Pregabalin is a structural derivative of GABA. Its mechanism of action is unknown. It binds with high affinity to alpha2-delta site (a calcium channel subunit). In vitro, it reduces calcium-dependent release of several neurotransmitters, possibly by modulating calcium channel function. Pregabalin is FDA approved for neuropathic pain associated with diabetic peripheral neuropathy or postherpetic neuralgia and as adjunctive therapy in partial-onset seizures.

Lacosamide (Vimpat)

Lacosamide selectively enhances slow inactivation of voltage-gated sodium channels, resulting in stabilization of hyperexcitable neuronal membranes and inhibition of repetitive neuronal firing. It is indicated as monotheray or adjunctive therapy for partial-onset seizures in children and adults ≥4 years.

Vigabatrin (Sabril)

The precise mechanism of action of vigabatrin is unknown. It is an irreversible inhibitor of GABA transaminase (GABA-T). GABA-T metabolizes GABA, an inhibitory neurotransmitter, thereby increasing CNS GABA levels. The use of vigabatrin must be weighed against the risk of permanent vision loss with this agent, which is available only from restricted access program.
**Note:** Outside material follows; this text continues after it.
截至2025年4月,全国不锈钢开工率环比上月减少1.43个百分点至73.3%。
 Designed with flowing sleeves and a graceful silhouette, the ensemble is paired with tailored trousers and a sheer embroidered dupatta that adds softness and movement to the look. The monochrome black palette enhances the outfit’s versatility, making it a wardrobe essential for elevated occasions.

Vigabatrin is indicated for adjunctive treatment for complex partial seizures in adults who have had inadequate response to first-line therapy.

Ethotoin (Peganone)

Ethotoin may act in the motor cortex, where it may inhibit the spread of seizure activity. The activity of brain stem centers responsible for the tonic phase of grand mal seizures may also be inhibited.

Cenobamate (Xcopri)

The precise mechanism is unknown, but it has shown to reduce repetitive neuronal firing by inhibiting voltage-gated sodium currents. It is also a positive allosteric modulator of GABA-A ion channel. It is indicated for adults with partial-onset seizures as either monotherapy or adjunctive therapy.